Feel free to fork my code and adjust the counter (10) and see the time increase!

See the Pen Vanilla JavaScript Timing Functions | performance by Chris Bongers (@rebelchris) on CodePen.

Using console.time() permalink

Another way is by using the console.time() function. It has one property, and it accepts a label that we can define. Then we use console.timeEnd() to stop counting; this will automatically log the result in our console. So the cool thing about this function is that we can use multiple timers at the same time, and they are easier to use.

myFunction = () => {
for (i = 0; i < 10; i++) {}
};
console.time('myFunction');
myFunction();
console.timeEnd('myFunction');
// myFunction: 0.242919921875ms

You can also try and play with this on this Codepen, try and increase the counter (10)

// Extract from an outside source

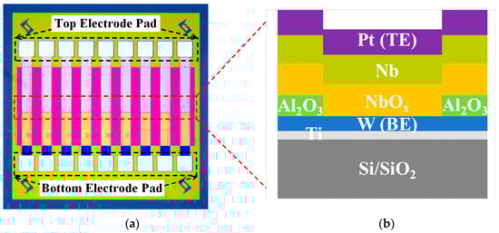 To fabricate the Mott memristor, a via hole (~10 µm) structure of Ti/W/NbOx/Nb/Pt crossbar is utilized on a silicon wafer with 300 nm SiO2. The bottom electrode (BE) and insulating layer are deposited using radio frequency (RF) magnetron sputtering, with Ti/W (~10 nm/80 nm) and Al2O3 (~30 nm), respectively. These layers are then patterned in a lift-off process. Subsequently, a NbOx (~50 nm) film is prepared as the switching layer using RF magnetron sputtering and a Nb target in an Ar:O2 = 30:2 sccm ambient at room temperature. Finally, the top electrode (TE) consisting of Nb/Pt (~50 nm/100 nm) is sputtered and patterned [,].

See the Pen Vanilla JavaScript Timing Functions | time by Chris Bongers (@rebelchris) on CodePen.

Which one to use? permalink

There is not a good or wrong here; both do what they promise. From my perspective though the console.time is way easier to use, you don't have to manually log anything extra, and it's easier to keep track off within the code.

I would suggest just picking one and make the web faster, try different approaches to your code and see how much of a difference it makes. Remember JavaScript can be weird, something that you think is slow may be faster, but you will only know with logging this.